* _Task description_: Please output each entry in the material beneath exactly as shown.

* _Data section_:
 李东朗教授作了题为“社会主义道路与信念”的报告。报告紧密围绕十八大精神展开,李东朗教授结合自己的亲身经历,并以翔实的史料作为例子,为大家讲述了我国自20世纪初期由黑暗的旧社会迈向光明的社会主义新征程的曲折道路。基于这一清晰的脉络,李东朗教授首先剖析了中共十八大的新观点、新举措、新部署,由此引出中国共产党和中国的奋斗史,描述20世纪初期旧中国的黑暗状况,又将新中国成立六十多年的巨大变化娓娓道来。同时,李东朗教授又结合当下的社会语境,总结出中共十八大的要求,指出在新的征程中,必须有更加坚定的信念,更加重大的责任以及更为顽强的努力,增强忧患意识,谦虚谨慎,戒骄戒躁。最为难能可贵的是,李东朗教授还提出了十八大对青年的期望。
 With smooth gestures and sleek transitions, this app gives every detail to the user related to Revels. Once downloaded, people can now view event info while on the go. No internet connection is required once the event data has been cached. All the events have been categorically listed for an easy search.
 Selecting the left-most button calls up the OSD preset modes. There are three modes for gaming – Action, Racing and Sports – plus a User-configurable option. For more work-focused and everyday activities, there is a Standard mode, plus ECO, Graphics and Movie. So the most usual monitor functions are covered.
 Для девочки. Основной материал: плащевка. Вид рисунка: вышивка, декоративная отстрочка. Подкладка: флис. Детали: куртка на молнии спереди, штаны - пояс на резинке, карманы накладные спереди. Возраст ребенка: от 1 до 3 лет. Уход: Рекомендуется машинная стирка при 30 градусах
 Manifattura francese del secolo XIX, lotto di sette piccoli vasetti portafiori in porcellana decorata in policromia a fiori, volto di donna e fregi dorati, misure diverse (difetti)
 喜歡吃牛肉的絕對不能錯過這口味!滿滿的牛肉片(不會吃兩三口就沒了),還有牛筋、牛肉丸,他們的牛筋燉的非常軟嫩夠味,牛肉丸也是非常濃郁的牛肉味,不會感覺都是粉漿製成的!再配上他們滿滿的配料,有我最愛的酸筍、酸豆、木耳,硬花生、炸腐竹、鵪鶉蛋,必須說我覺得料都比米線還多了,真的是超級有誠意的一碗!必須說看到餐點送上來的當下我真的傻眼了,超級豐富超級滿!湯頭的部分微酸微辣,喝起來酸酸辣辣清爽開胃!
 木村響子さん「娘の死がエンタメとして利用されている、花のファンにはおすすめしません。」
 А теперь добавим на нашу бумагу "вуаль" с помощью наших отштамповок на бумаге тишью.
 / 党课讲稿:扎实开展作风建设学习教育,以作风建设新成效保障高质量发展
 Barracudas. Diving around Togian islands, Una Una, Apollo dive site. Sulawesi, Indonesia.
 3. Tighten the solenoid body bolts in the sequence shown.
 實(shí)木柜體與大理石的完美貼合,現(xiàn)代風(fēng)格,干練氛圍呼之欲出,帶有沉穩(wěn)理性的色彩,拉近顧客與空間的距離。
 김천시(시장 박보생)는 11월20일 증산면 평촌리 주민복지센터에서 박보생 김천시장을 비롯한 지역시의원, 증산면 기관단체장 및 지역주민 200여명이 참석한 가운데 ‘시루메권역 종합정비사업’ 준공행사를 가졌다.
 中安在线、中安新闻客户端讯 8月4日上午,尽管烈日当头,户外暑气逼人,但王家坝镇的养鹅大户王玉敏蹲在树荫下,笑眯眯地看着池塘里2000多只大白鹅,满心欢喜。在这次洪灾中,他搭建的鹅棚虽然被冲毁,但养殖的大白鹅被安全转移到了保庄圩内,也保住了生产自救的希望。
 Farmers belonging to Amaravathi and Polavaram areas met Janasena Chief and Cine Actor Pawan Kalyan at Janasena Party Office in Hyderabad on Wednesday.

* _Output of the task_:
 李东朗教授作了题为“社会主义道路与信念”的报告。报告紧密围绕十八大精神展开,李东朗教授结合自己的亲身经历,并以翔实的史料作为例子,为大家讲述了我国自20世纪初期由黑暗的旧社会迈向光明的社会主义新征程的曲折道路。基于这一清晰的脉络,李东朗教授首先剖析了中共十八大的新观点、新举措、新部署,由此引出中国共产党和中国的奋斗史,描述20世纪初期旧中国的黑暗状况,又将新中国成立六十多年的巨大变化娓娓道来。同时,李东朗教授又结合当下的社会语境,总结出中共十八大的要求,指出在新的征程中,必须有更加坚定的信念,更加重大的责任以及更为顽强的努力,增强忧患意识,谦虚谨慎,戒骄戒躁。最为难能可贵的是,李东朗教授还提出了十八大对青年的期望。
 With smooth gestures and sleek transitions, this app gives every detail to the user related to Revels. Once downloaded, people can now view event info while on the go. No internet connection is required once the event data has been cached. All the events have been categorically listed for an easy search.
 Selecting the left-most button calls up the OSD preset modes. There are three modes for gaming – Action, Racing and Sports – plus a User-configurable option. For more work-focused and everyday activities, there is a Standard mode, plus ECO, Graphics and Movie. So the most usual monitor functions are covered.
 Для девочки. Основной материал: плащевка. Вид рисунка: вышивка, декоративная отстрочка. Подкладка: флис. Детали: куртка на молнии спереди, штаны - пояс на резинке, карманы накладные спереди. Возраст ребенка: от 1 до 3 лет. Уход: Рекомендуется машинная стирка при 30 градусах
 Manifattura francese del secolo XIX, lotto di sette piccoli vasetti portafiori in porcellana decorata in policromia a fiori, volto di donna e fregi dorati, misure diverse (difetti)
 喜歡吃牛肉的絕對不能錯過這口味!滿滿的牛肉片(不會吃兩三口就沒了),還有牛筋、牛肉丸,他們的牛筋燉的非常軟嫩夠味,牛肉丸也是非常濃郁的牛肉味,不會感覺都是粉漿製成的!再配上他們滿滿的配料,有我最愛的酸筍、酸豆、木耳,硬花生、炸腐竹、鵪鶉蛋,必須說我覺得料都比米線還多了,真的是超級有誠意的一碗!必須說看到餐點送上來的當下我真的傻眼了,超級豐富超級滿!湯頭的部分微酸微辣,喝起來酸酸辣辣清爽開胃!
 木村響子さん「娘の死がエンタメとして利用されている、花のファンにはおすすめしません。」
 А теперь добавим на нашу бумагу "вуаль" с помощью наших отштамповок на бумаге тишью.
 / 党课讲稿:扎实开展作风建设学习教育,以作风建设新成效保障高质量发展
 Barracudas. Diving around Togian islands, Una Una, Apollo dive site. Sulawesi, Indonesia.
 3. Tighten the solenoid body bolts in the sequence shown.
 實(shí)木柜體與大理石的完美貼合,現(xiàn)代風(fēng)格,干練氛圍呼之欲出,帶有沉穩(wěn)理性的色彩,拉近顧客與空間的距離。
 김천시(시장 박보생)는 11월20일 증산면 평촌리 주민복지센터에서 박보생 김천시장을 비롯한 지역시의원, 증산면 기관단체장 및 지역주민 200여명이 참석한 가운데 ‘시루메권역 종합정비사업’ 준공행사를 가졌다.
 中安在线、中安新闻客户端讯 8月4日上午,尽管烈日当头,户外暑气逼人,但王家坝镇的养鹅大户王玉敏蹲在树荫下,笑眯眯地看着池塘里2000多只大白鹅,满心欢喜。在这次洪灾中,他搭建的鹅棚虽然被冲毁,但养殖的大白鹅被安全转移到了保庄圩内,也保住了生产自救的希望。
 Farmers belonging to Amaravathi and Polavaram areas met Janasena Chief and Cine Actor Pawan Kalyan at Janasena Party Office in Hyderabad on Wednesday.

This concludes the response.